Птичка певчая, стр. 69

Ихсан-бей, я, наверное, никогда больше не встречу вас. А если и встречу, мне придется сделать вид, будто мы незнакомы. Но я до самой смерти не забуду, что в день, когда вы готовились предстать перед военным судом, вы опять вспомнили обо мне. Вы велели скрыть, от кого цветы. Это говорит о тонкости вашей души. Я сохраню в своем дневнике маленький лепесток, а в сердце — память о вас, чистом, благородном человеке.

На палубе долговязый пассажир продолжает насвистывать грустные песенки. Я высунула голову в открытый иллюминатор. Над морем начинается прозрачный рассвет. Кажется, он, словно пар, поднимается из воды.

Чалыкушу, ложись спать.

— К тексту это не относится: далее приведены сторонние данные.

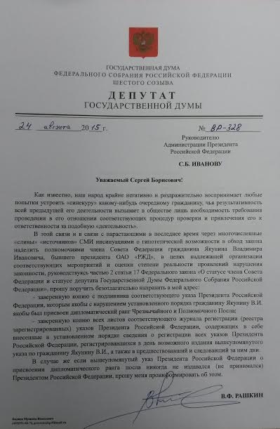 Объясняется это достаточно просто: Якунину прочат место в Совете Федерации от Калининградской области, однако в Калининграде тот никогда не жил и преодолеть ценз осёдлости ему поможет только статус чрезвычайного и полномочного посла. Указ президента о предоставлении такого статуса не является секретным, однако до сих пор никаких следов такого указа обнаружить не удалось. Чтобы выяснить, когда и за какие заслуги Якунин получил дипломатический ранг, а также получить копию президентского указа, зампред ЦК КПРФ, депутат Госдумы Валерий Рашкин направил запрос в администрацию президента России.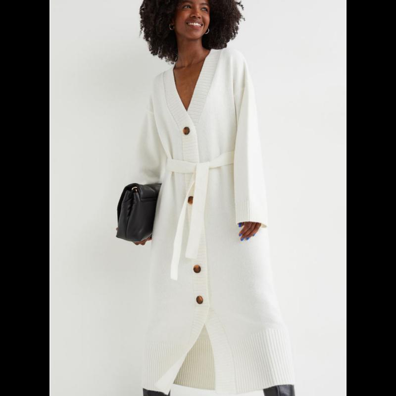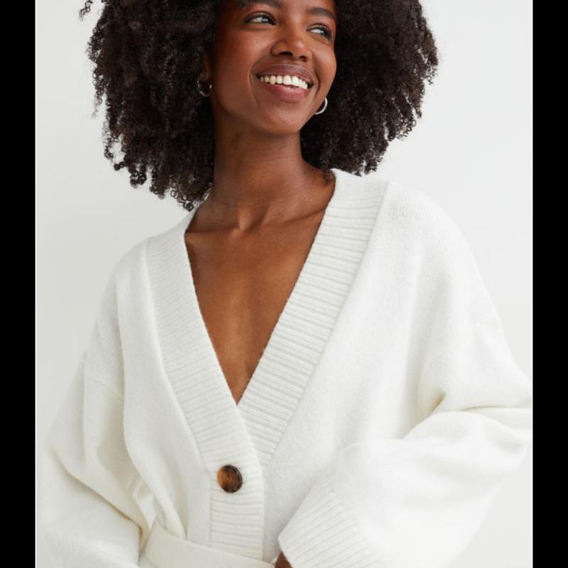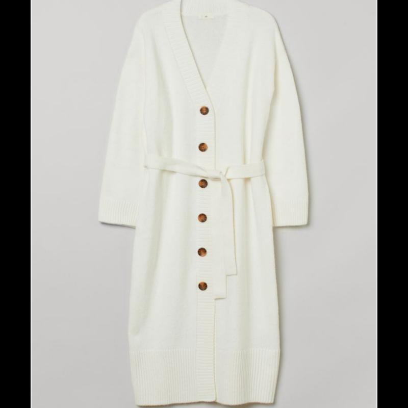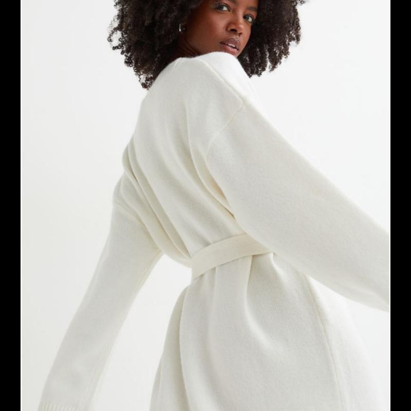 Мягкое трикотажное платье на шерсти, длина по щиколотку. V-образный вырез, пуговицы спереди, съемный пояс для завязки на талии. Низкие плечи, длинные рукава. По низу рукава и снизу трикотажные края в рубчик. Размер - Модель ростом 174 см / 5'9 дюймов носит размер S. Состав Полиэстер 64%, Шерсть 6%, Акрил 30% Более экологичные материалы Переработанный полиэстер 64%

Ночь и усталость наливают свинцом твои веки. Зачем тебе нужен рассвет? Рассвет — это время, когда «желтые цветы», насытившись сном и любовью, где-то далеко-далеко открывают свои счастливые глаза.

ЧАСТЬ ЧЕТВЕРТАЯ

Измир, 20 сентября.

Вот уже около трех месяцев я в Измире. Дела идут неважно. Осталась последняя надежда. Если я завтра потеряю и ее, не знаю, что со мной будет. Об этом даже страшно подумать. Старший секретарь, к которому у меня было рекомендательное письмо от мюдюре-ханым, заболел за месяц до моего приезда и на полгода уехал отдыхать в Стамбул. Волей-неволей мне пришлось самой идти к заведующему отделом образования. И как вы думаете, кого я увидела? Того самого неповоротливого «короля лентяев» из Б…, который все время дремал за своим столом, а с клиентами разговаривал, словно бредил. Разумеется, его сонные глаза, созданные природой больше для того, чтобы спать, чем смотреть на посетителей, меня не узнали.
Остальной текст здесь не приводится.